Saturday, April 25, 2015

Bumpy Road Behind, Bumpy Road Ahead

I've been thinking a lot lately about the last few years and how life has changed since Haven. When she died, I felt that I had died too; there was a Before Haven Me and an After Haven Me. In a lots of ways, I would say that is still accurate, but the more time that passes, the greater my acceptance of what happened.

I do not want Haven's death to define me; I have seen where that leads. There are moms in the online forums I used to frequent who live in the depths of grief every day, years out, and I don't want to end up that way. Yes, Haven is irreplaceable and I will always mourn her death and feel her gaping absence, but I believe life can be good again with or without the children we long for. We are still a family no matter what happens.

I feel in some ways as though the trauma we have been through has set me free. I lived in so much anxiety in the aftermath that I felt paralyzed, but now I can see that it can be a gift to embrace the fragility of life. We only get one crack at today and I want to make the most of it. If it means a change or a risk, so be it.

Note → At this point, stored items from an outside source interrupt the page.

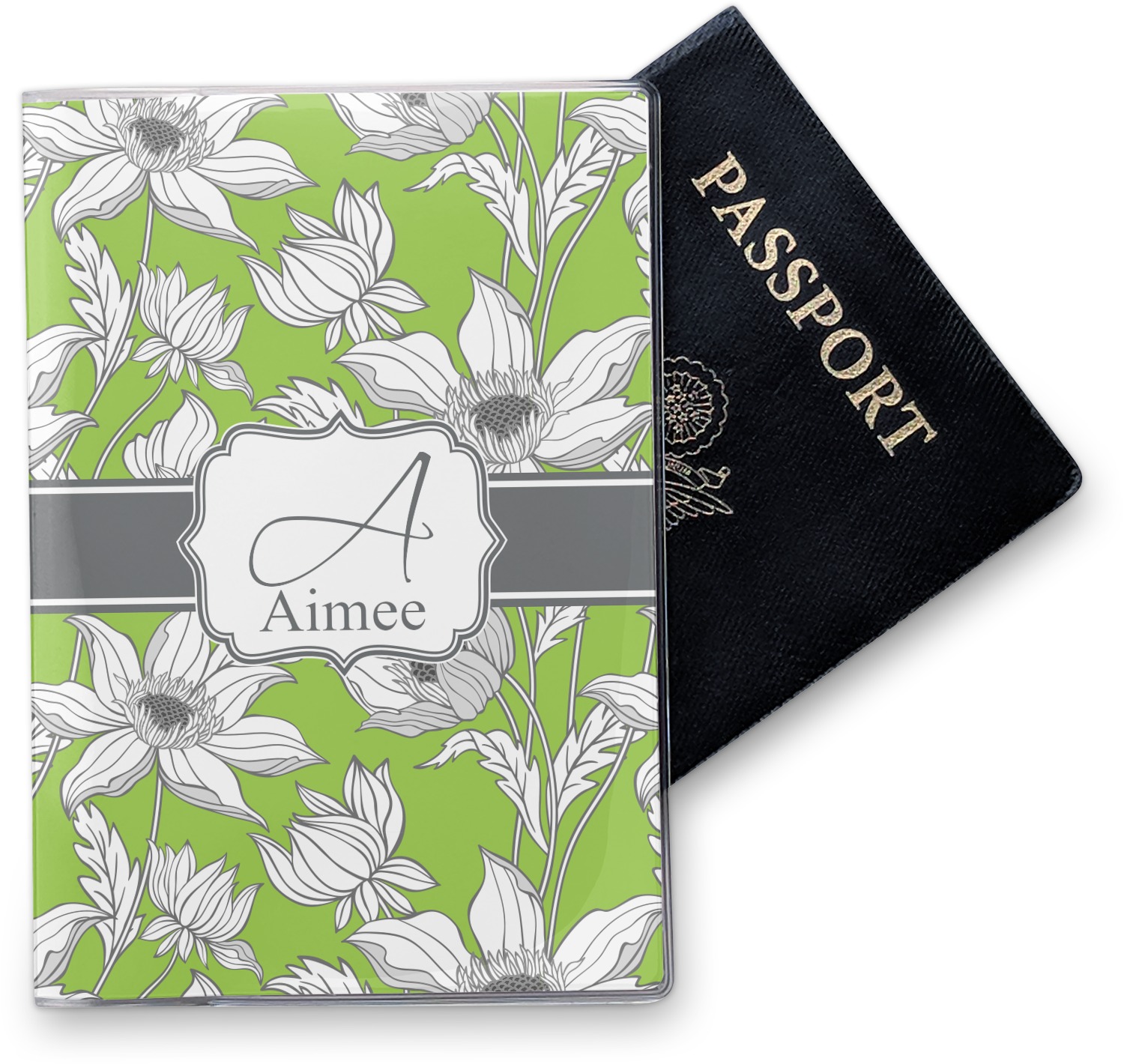 This cover is made of a sturdy clear vinyl with a personalized vinyl insert inside. There is a large and a small pocket on either side to hold the covers of your passport easily and firmly. The passport holder is approximately 7.5" x 5.25", the perfect size to snugly fit your passport. This slim cover is the perfect way to protect your passport without being one more bulky item you have to carry.
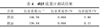 依據表3測試數據,經計算可得,Φ25流量計在滑油及燃油中測試結果如表4所示,測試線形圖如圖3所示。
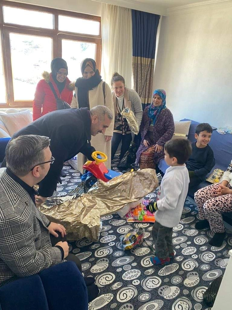 Misafir çocukları'da düşünen heyet, hediyelerini takdim ederek minikleri sevindirdiler.

A friend of mine was talking about her own anxiety and how her husband stopped her one day and said (about her particular fear), "well, what if it does happen? Then we will just deal with it." Hearing that made me stop and think... I have already had the worst happen; I have held the body of my child and I am still getting out of bed every day. Whatever may come, I will deal with it. I made a promise to myself that I will really live, so...here we go.